▶ EXERCISE PROMPT
Once you reach the line containing "1.3 在项目中src目录下" in the data below, restate each line word for word up to and including the one containing "모든 파티션을 삭제하면 할당되지 않은 하나의 디스크만 보입니다.".

▶ PROVIDED RECORDS
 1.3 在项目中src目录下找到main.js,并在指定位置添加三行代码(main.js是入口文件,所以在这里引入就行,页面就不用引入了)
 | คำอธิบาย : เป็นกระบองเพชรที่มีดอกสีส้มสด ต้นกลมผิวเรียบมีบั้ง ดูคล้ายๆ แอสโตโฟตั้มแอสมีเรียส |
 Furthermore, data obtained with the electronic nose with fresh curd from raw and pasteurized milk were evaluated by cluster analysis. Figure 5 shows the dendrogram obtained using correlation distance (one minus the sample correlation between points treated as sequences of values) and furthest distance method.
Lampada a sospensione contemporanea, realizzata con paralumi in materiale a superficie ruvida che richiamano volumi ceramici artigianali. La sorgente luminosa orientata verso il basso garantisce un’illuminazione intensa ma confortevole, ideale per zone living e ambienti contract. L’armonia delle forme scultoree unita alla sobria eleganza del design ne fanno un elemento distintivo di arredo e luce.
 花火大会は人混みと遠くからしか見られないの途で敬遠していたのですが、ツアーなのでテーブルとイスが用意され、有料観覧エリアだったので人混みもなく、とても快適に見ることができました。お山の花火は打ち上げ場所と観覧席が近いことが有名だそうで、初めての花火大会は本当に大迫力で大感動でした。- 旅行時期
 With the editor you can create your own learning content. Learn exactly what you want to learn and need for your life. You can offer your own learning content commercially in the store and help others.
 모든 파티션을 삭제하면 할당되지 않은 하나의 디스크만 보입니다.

...

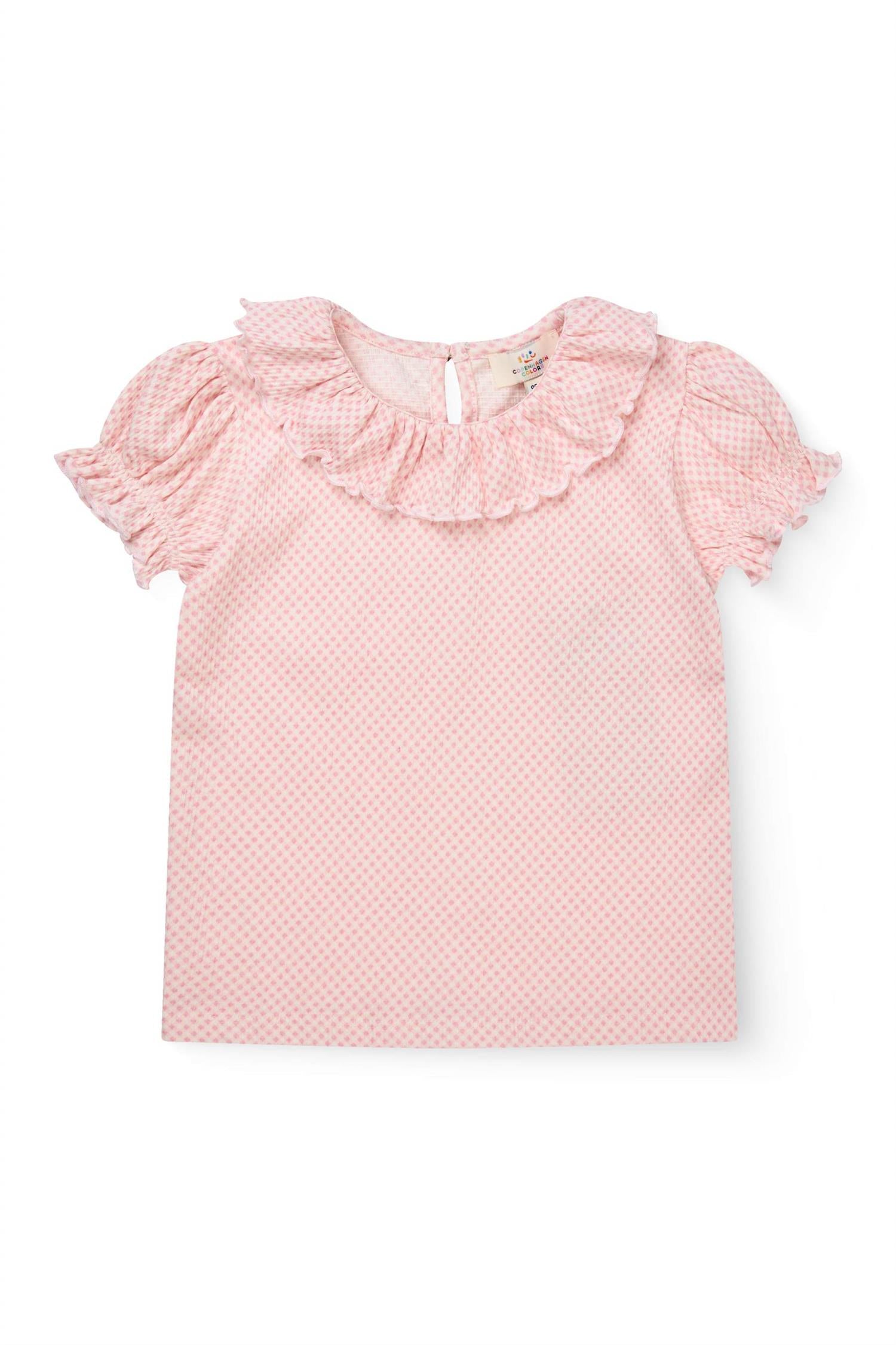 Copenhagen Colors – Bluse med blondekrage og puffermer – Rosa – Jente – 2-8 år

▶ OUTPUT OF THE EXERCISE
 1.3 在项目中src目录下找到main.js,并在指定位置添加三行代码(main.js是入口文件,所以在这里引入就行,页面就不用引入了)
 | คำอธิบาย : เป็นกระบองเพชรที่มีดอกสีส้มสด ต้นกลมผิวเรียบมีบั้ง ดูคล้ายๆ แอสโตโฟตั้มแอสมีเรียส |
 Furthermore, data obtained with the electronic nose with fresh curd from raw and pasteurized milk were evaluated by cluster analysis. Figure 5 shows the dendrogram obtained using correlation distance (one minus the sample correlation between points treated as sequences of values) and furthest distance method.
Lampada a sospensione contemporanea, realizzata con paralumi in materiale a superficie ruvida che richiamano volumi ceramici artigianali. La sorgente luminosa orientata verso il basso garantisce un’illuminazione intensa ma confortevole, ideale per zone living e ambienti contract. L’armonia delle forme scultoree unita alla sobria eleganza del design ne fanno un elemento distintivo di arredo e luce.
 花火大会は人混みと遠くからしか見られないの途で敬遠していたのですが、ツアーなのでテーブルとイスが用意され、有料観覧エリアだったので人混みもなく、とても快適に見ることができました。お山の花火は打ち上げ場所と観覧席が近いことが有名だそうで、初めての花火大会は本当に大迫力で大感動でした。- 旅行時期
 With the editor you can create your own learning content. Learn exactly what you want to learn and need for your life. You can offer your own learning content commercially in the store and help others.
 모든 파티션을 삭제하면 할당되지 않은 하나의 디스크만 보입니다.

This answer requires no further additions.